* **Dataset excerpt**:
• • •

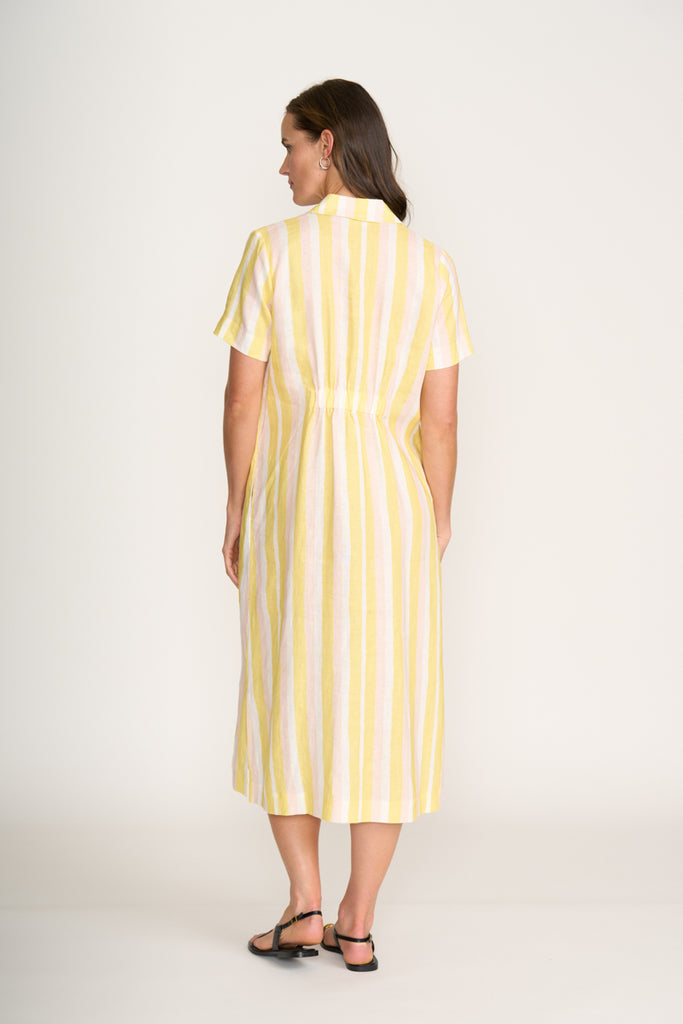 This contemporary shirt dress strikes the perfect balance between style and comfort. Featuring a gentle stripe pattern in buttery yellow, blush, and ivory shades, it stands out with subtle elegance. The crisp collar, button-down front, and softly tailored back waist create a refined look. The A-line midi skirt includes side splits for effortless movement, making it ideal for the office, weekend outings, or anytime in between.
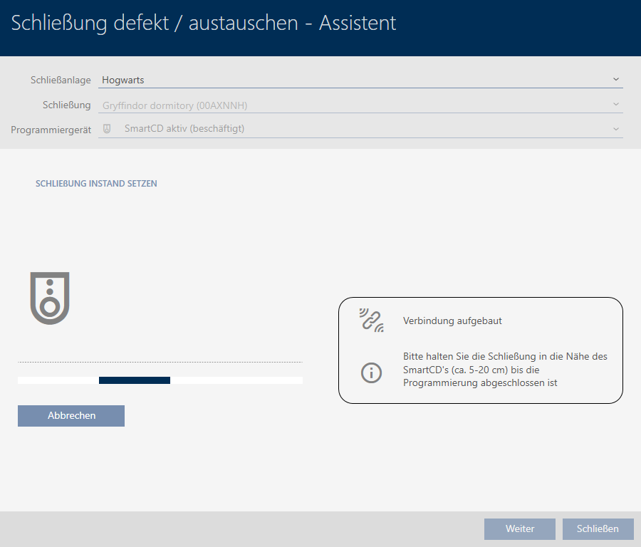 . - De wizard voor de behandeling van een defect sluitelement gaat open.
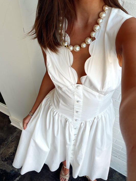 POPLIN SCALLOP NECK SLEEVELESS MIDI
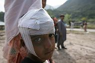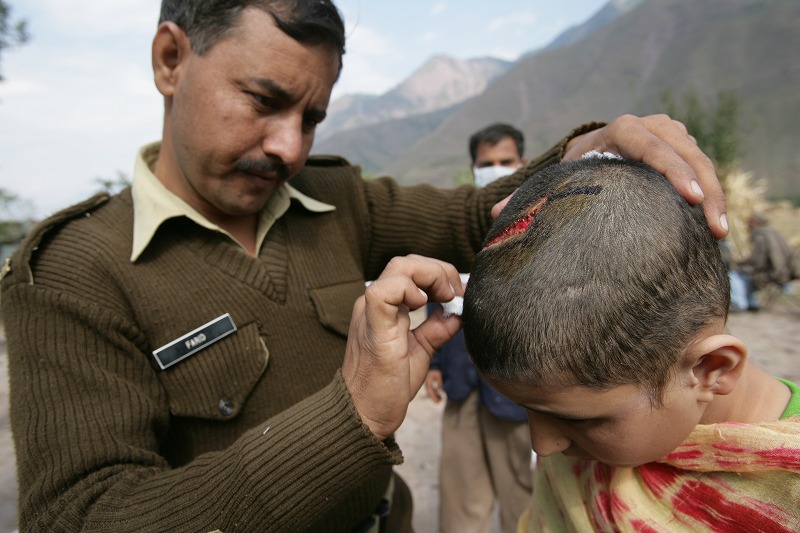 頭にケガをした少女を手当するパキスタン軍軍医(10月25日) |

• • •

* **What you will do**: Skip all pictures. Then give again, exactly, each line from the line holding "sluitelement gaat open." through the last line of the listing above, both ends included.

* **Solution for this problem**:
 . - De wizard voor de behandeling van een defect sluitelement gaat open.
 POPLIN SCALLOP NECK SLEEVELESS MIDI
 頭にケガをした少女を手当するパキスタン軍軍医(10月25日) |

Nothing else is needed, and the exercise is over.